Coreweave can’t be the only AI company thinking about this.

Mining of other coins

Mining companies were mining ether before Ethereum switched from proof of work to proof of stake, so now these companies only mine bitcoin.

At least that’s what many thought until Marathon (MARA) announced that it had been mining a relatively obscure cryptocurrency called Kaspa since September 2023. Kaspa is, by most measures, a completely random cryptocurrency that can be mined just fine. Marathon had access to space and electricity, it looked profitable, and so the company did it because profitable activity is good.

“By mining Kaspa, we are able to create a revenue stream that is diversified from Bitcoin and directly linked to our core capabilities in digital asset computation,” Marathon’s chief growth officer Adam Swick said in a statement.

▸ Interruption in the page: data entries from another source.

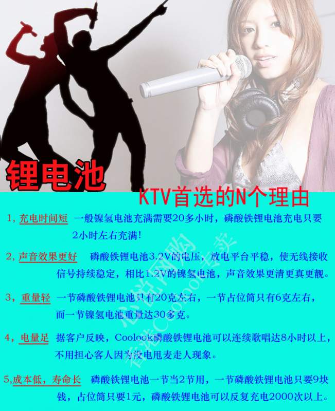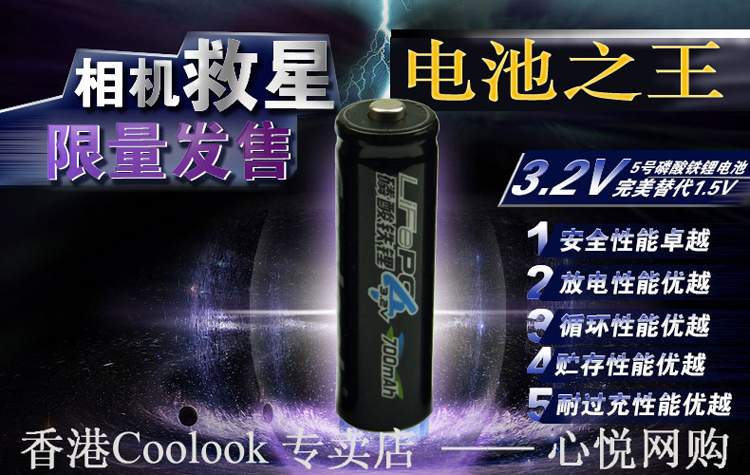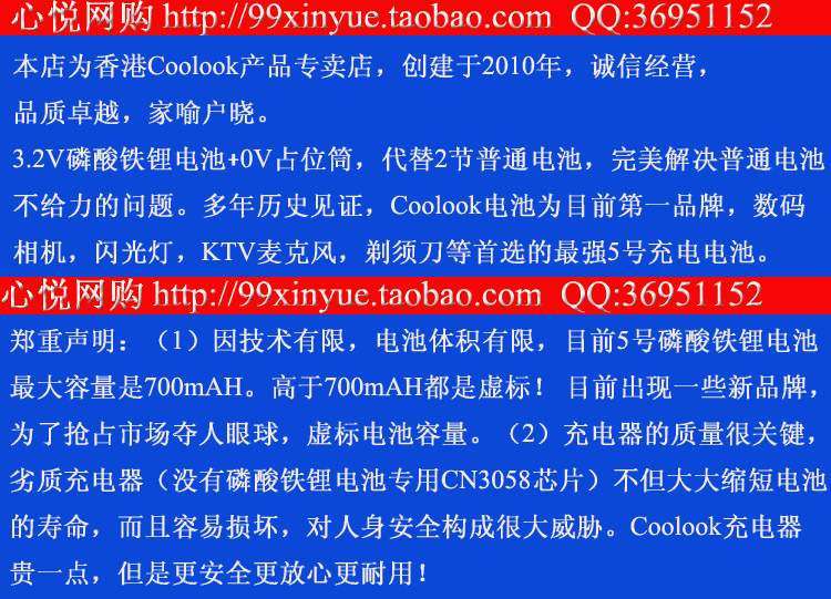 好东西才卖的长久,讲诚信才有长久生意!5年前的今天,我开网店了,专卖磷酸铁锂电池,5年后的今天,我的网店 心悦网购 http://99xinyue.taobao.com , 已经双皇冠,深受淘友们喜爱。 。感谢网友们一路对我店的支持!5周年店庆,全场打折回馈新老客户! 淘宝ID:xuzhouchen2009, QQ:36951152来看看我的热销宝贝吧, 香港coolook5号磷酸铁锂电池,数码相机的大救星,闪光灯最佳电池,KTV麦克风的神器!一节3.2V的磷酸铁锂电池配合1节0V的占位筒使用,完美解决普通电池不给力问题!5年见证,好评如潮。 香港coolook5号磷酸铁锂电池 http://item.taobao.com/item.htm? ... ;amp;id=10596376607 超值充电套装 http://item.taobao.com/item.htm? ... ;amp;_u=ca68lr97d41 更多宝贝,请大家光临我的小店 心悦网购 http://99xinyue.taobao.com , 淘宝ID : xuzhouchen2009 主营数码相机电池,手机充电宝。 Coolook5号磷酸铁锂电池 Coolook磷酸铁锂电池使用 为何选择Coolook.jpg Coolook -KTV.jpg 店铺 |
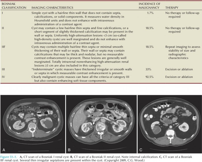 Киста почки может быть простой (I Bosniak) и сложной (II, IIF, III и IV Bosniak). Простые могут образовываться в почках на любом возрастном этапе. Отличаются наличием одной камеры, которая заполнена жидкостью. Вероятность ее преобразования в рак крайне мала. Сложные характеризуются перечисленными ранее симптомами, отличаются высоким риском озлокачествления.
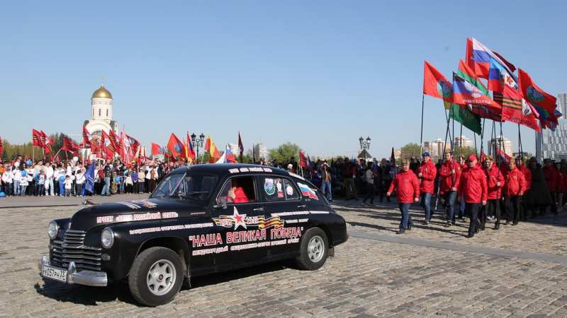 После исполнения гимна Российской Федерации на площадь перед стелой Победы въехала колонна автопробега. Возглавлял колонну экипаж раритетного автомобиля марки «Победа».
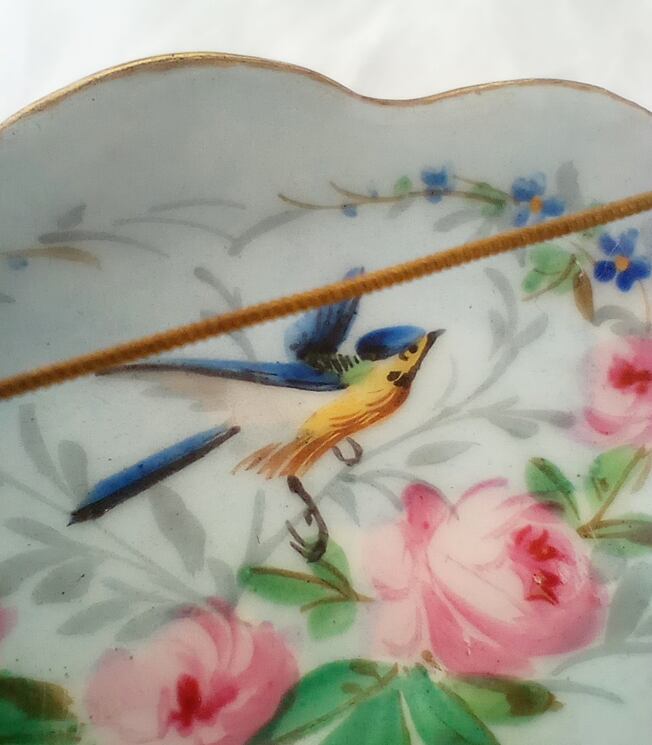パリの蚤の市で見つけました、糸巻機のかたちをした小さなアクセサリートレーです。糸巻の枠組みは真鍮、トレーの部分は陶器製でふっくらとしたピンクのローズと羽ばたいている燕が手描きで描かれております。アクセサリートレーではございますが、そのまま飾っておくだけでも素敵なアイテムです。
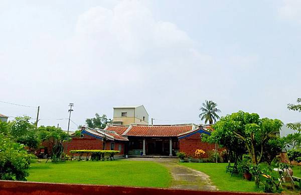 吉貝耍內最氣派的建築,建材講究、彩繪華麗。可惜是日我只能單憑外側文字介紹,加上在圍牆外簡略探向古厝想像其風華。在此看解說牌時,古厝內看守的狗兒隔著大門在對我吠叫,沿路一直往前走,我發現這裡的民宅多會養狗。繼續前行到一涼亭,有一黑狗不停對我吠叫,還跟了上來,牠見我對牠的凶狼吠鳴不為所動,加上我又對牠好言好語,後來停止吠叫還想跟著我散步。
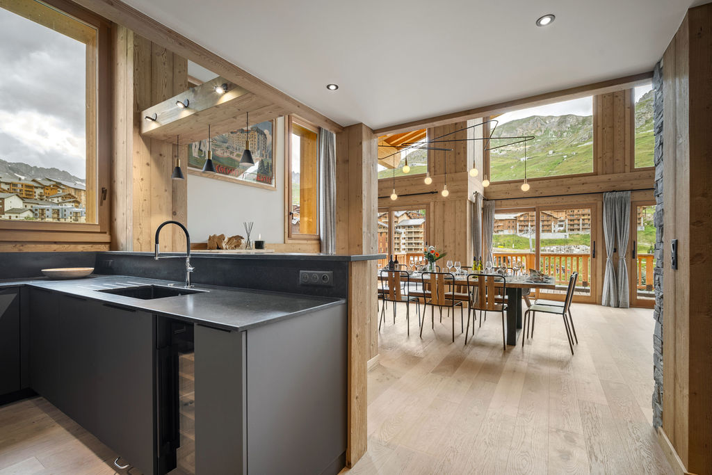 Chalet Artayma is a newly built luxury retreat in Tignes Le Lavachet, set at 2,100m with sweeping views of the pistes. Designed for families and groups, it sleeps up to 15 guests in seven en suite bedrooms, including five twin/doubles, a bunk room, and a family suite with its own lounge and sofa bed.
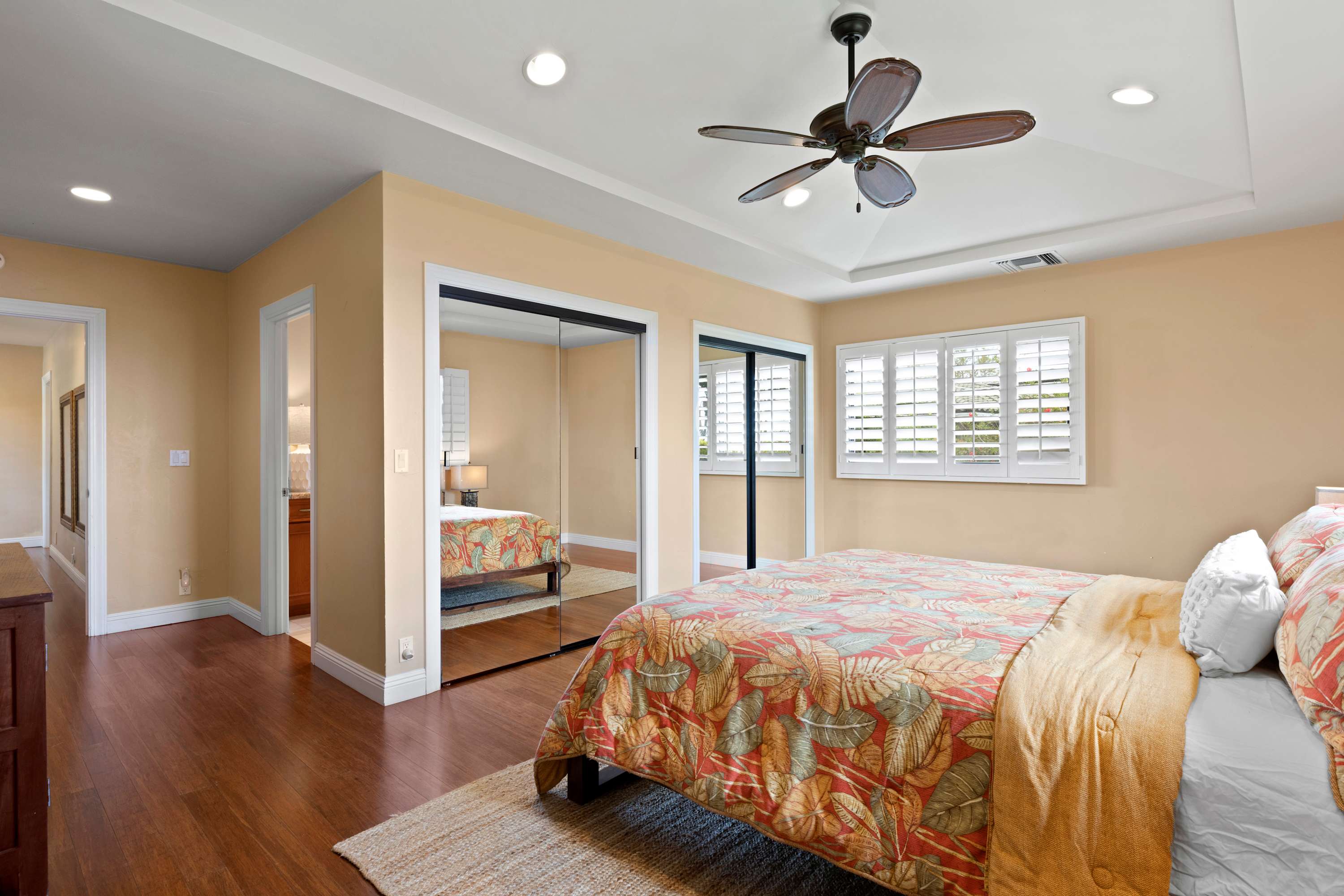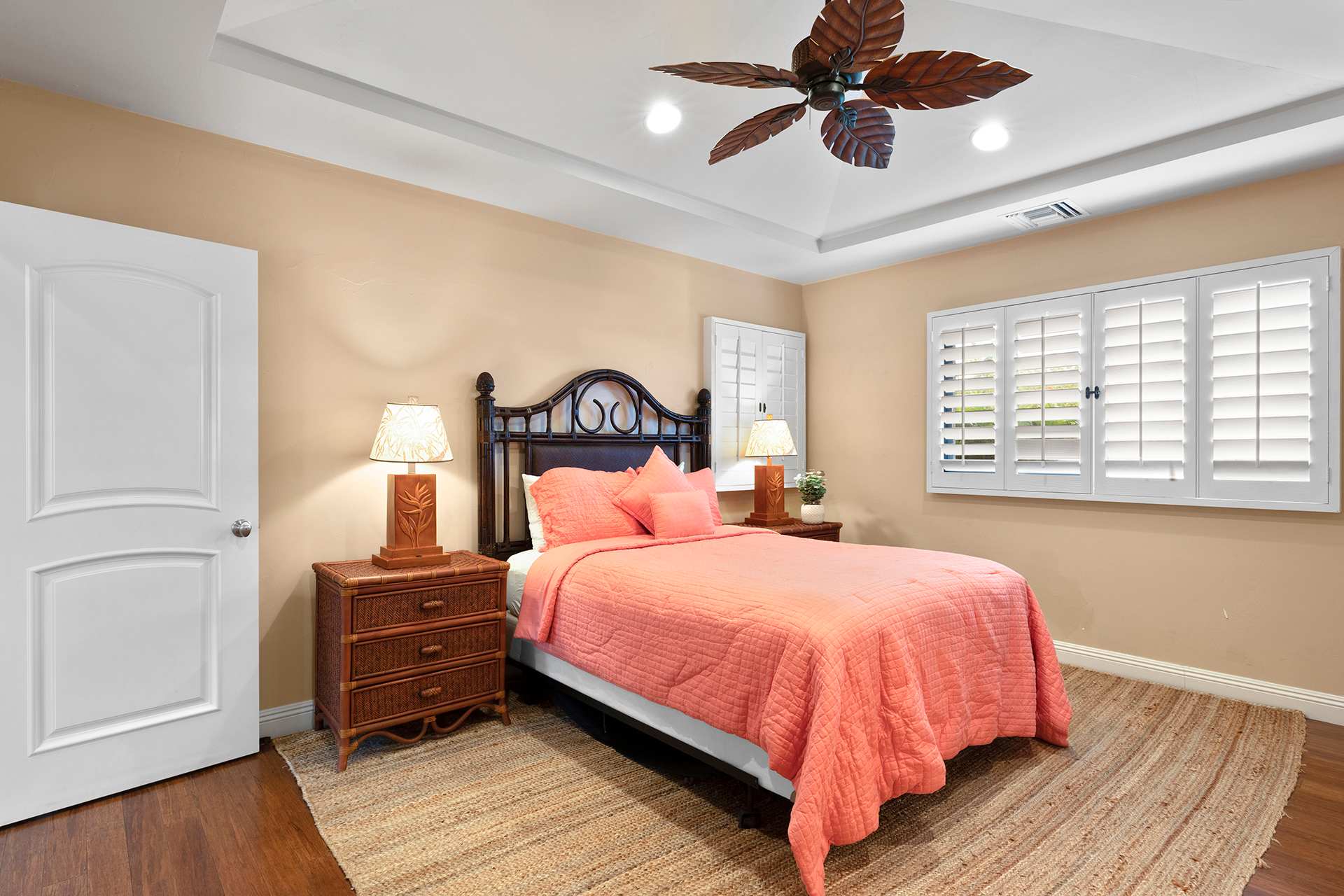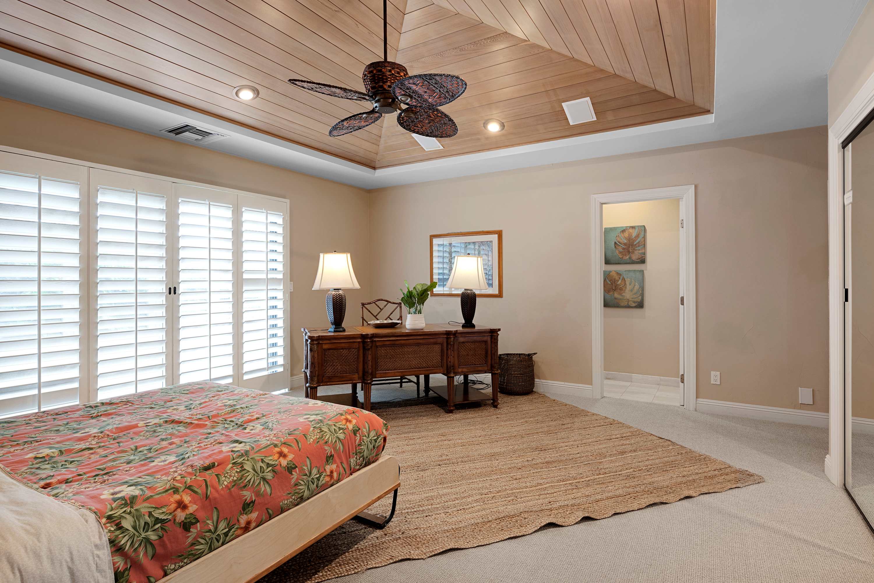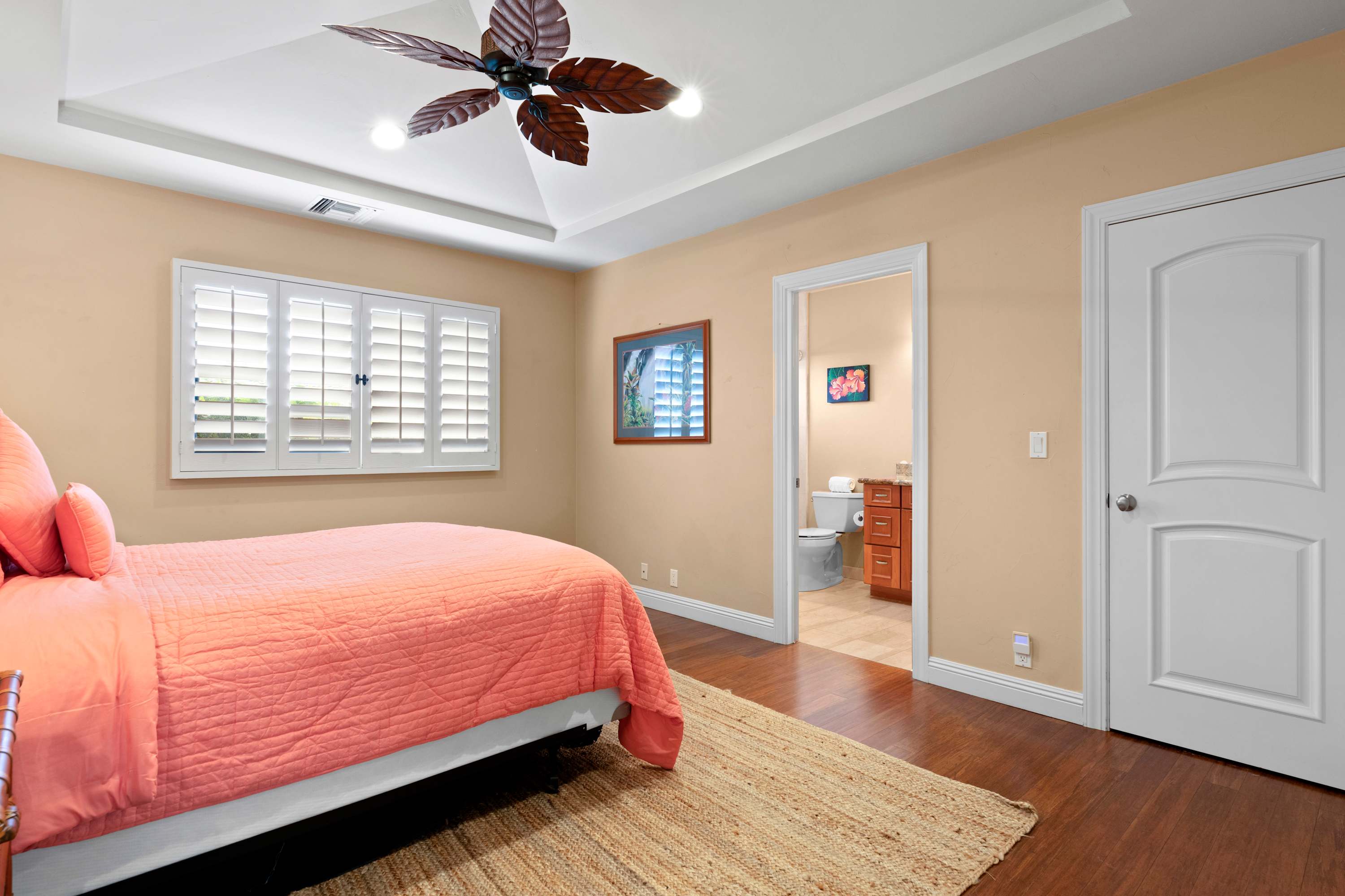Bedroom #3 (Coral Room) includes a queen size bed and ensuite bathroom with vanity and shower/tub combo, and a walk-in closet.

I think mining Kaspa and potentially other cryptocurrencies is more of a novelty than a tangible industry change, as I doubt another proof-of-work cryptocurrency will ever come to the fore.

But Marathon’s move further highlights a broader point: Bitcoin miners are struggling with revenue and profitability, and they’re looking elsewhere than Bitcoin mining to make up the difference.

Note: The opinions expressed in this column are those of the author and do not reflect the opinions of CoinDesk, Inc. or its owners and affiliates.